I had a lot of reasons for stepping back from social media. The fitness people were making me crazy. Once I eliminated them from my feed, all the non-dieting, weight-neutral, body-positive content was making me feel just as bad! They're still talking about food/weight/body all day, still judging, still causing me to second guess my own decisions. I got rid of all that, and then my family and friends were still body shaming and food policing. The more I listed to others or read about what they were doing, the more I doubted myself. Once I shut everyone else out, I could finally hear what my own body was telling me and trust my own decisions. Now, I follow mostly monkeys and puppies. I like "acrylic pour" painting channels, dog training, cooking, finance, basically anything that makes me feel relaxed, positive, or informed after viewing. That ruled out most of my relatives and coworkers. LOL
Now, it's not such a big deal. I enjoy some food and fitness content again. The key there is realizing that any judgment, comparison, or doubt is coming from my own mind. Other people aren't doing it to me; it's an inside job.
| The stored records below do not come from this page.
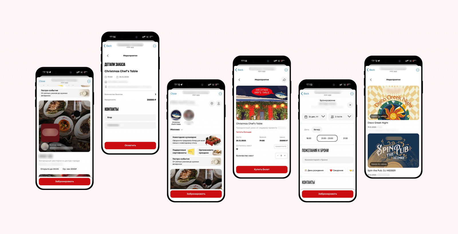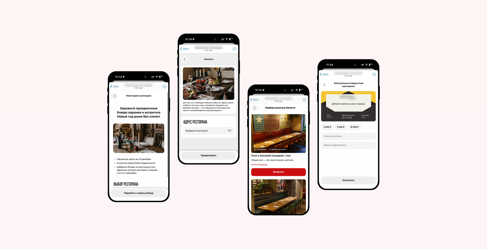 Помимо этого, у нас реализованы сбор аллергий, предпочтения, которые автоматически передаются в ресторан при бронировании, мы собираем предзапись на посещение ресторанов, которые планируют открываться, реализовали функцию отображения сторис с разбивкой по городам, сбор причины отмен бронирования и еще множество функций от вызова такси до индивидуальных привилегий для разных групп пользователей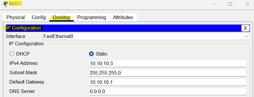 이제 PC만 설정해주면 된다. Desktop - IP Configuration 에 들어가서 IP주소, Subnet Mask, Default Gateway만 입력해주자. 게이트웨이는 아까 vlan 번호 지정해준 그 서브 인터페이스의 IP주소를 맞춰서 넣어주면 된다.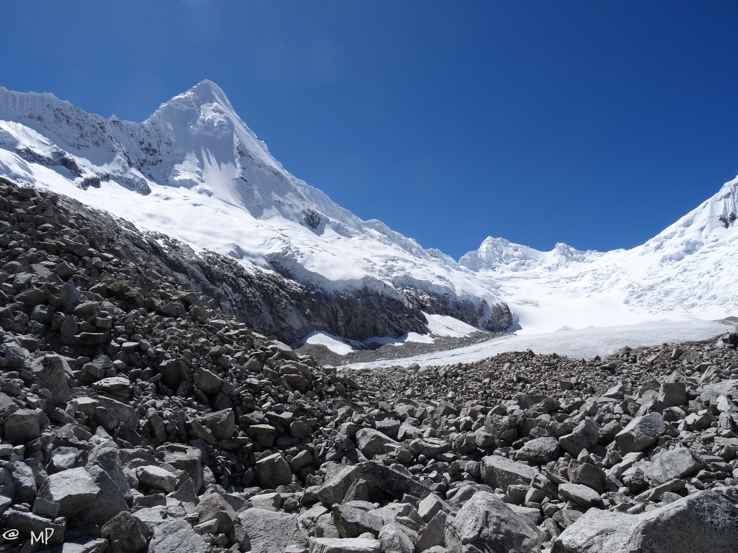 Bis ca. 9 Uhr haben wir geschlafen, bevor es gemütliches Frühstück in der Sonne gibt. Juhu, ein kleines Erfolgserlebnis: ich finde fließendes Wasser nur ein paar Minuten vom Basislager entfernt. Dies erspart uns nun mühsames Wasser holen im unwegsamen Gelände. Gegen 11 Uhr brechen wir mit unserem Material auf. Wir wollen uns den Artesonraju aus nächster Nähe ansehen und den Routenverlauf auschecken. Eine dreiviertel Stunde geht es über den massiven Geröllhaufen der Moräne, bevor wir am Gletscher unsere Ski anschnallen und auffellen können..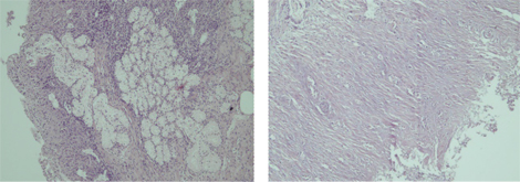 ![]() Рис. 8. Фрагмент шкіри з атрофією та субатрофією епідермісу, дезорганізацією та фіброзом сосочкового шару дерми, субатрофією придатків дерми, набряком та десквамацією ендотелію мікроциркуляторних судин, периваскулярно поодинокі лімфоцити у дитини А., 15 років (за даними аутопсії)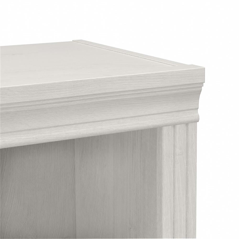 Enjoy the refined elegance of timeless traditional styling while showcasing your favorite books and decorations with the Bush Furniture Saratoga Tall 5 Shelf Bookcase Set. A perfect choice for virtually any office or private study, these matching Bookcases both feature three adjustable shelves for flexible storage space and two fixed shelves for strength and stability. Each shelf supports up to 25 pounds, so you can organize your personal library and display larger items with confidence. Hardware is included to safely anchor the 30W x 13D x 72H bookshelves to a wall. The tall bookshelf set’s classic appearance is enhanced by decorative top, base and side rail detailing. This Tall Bookcase Set has been tested to meet ANSI/BIFMA standards for safety and performance and is backed by the Bush Furniture 10 Year Manufacturer’s Warranty. See the full collection for coordinating items available. Features: Matching 30W x 13D x 72H Tall 5 Shelf Bookcase Set presents a practical storage solution with timeless traditional style Each Bookcase has three adjustable shelves for books and decorations of various sizes; two shelves are fixed for stability Each shelf supports up to 25 pounds Position the bookshelves side by side to create a large storage wall or separately to showcase items in different areas of your home Tall bookshelf set’s decorative top, base and side rail detailing brings a classic charm to any work or living space Available in your choice of Harvest Cherry, Linen White Oak and Modern Gray finishes Tested to meet ANSI/BIFMA quality standards for safety and performance Backed by the Bush Furniture 10 Year Manufacturer’s Warranty Complete your personal workspace with a coordinating Computer Desk, Office Chair and Lateral File Cabinet (sold separately) Specifications: Product Dimensions: 5 Shelf Bookcase: 29.88″W x 12.60″D x 71.65″H Product Weight: 140.6 lbs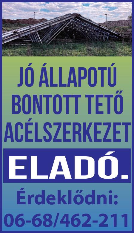 • Bontásból eladók: villanybojler, cserepek, kúpcserép, faablakok, műanyagablakok, bejárati ajtók, üvegfalak, gázos vízmelegítő. Palát, cserepeket veszek. Orosháza, Székács u. 54. sz. Tel.: 06-20/361-2301

It does tend to flare up more when I watch more, so if I find myself questioning what I'm doing or thinking I should change, I back away from the outside influences and watch more kittens and sloths.
Instead of looking to others for answers and approval in the areas of food, fitness, and body image, I find that the way to build trust in myself is to go ahead, make a decision, own it, and learn from it. The more I choose for myself based on how I feel and what I want, the more my confidence grows and the less it matters what others are doing or saying.
I'll stay in touch here then! I was talking to Caitlin on Instagram (peanut butter fiend). I'm so sorry to hear about Ripley. 💔He was such a sweetie. I'm a dog mom now for two and a half years after swearing we wouldn't get a dog in the city. It is hard--especially now but she is my dog child now and we will make it work. Glad you're OK. Stay safe!
So good to see you and hear that you are well and Ok!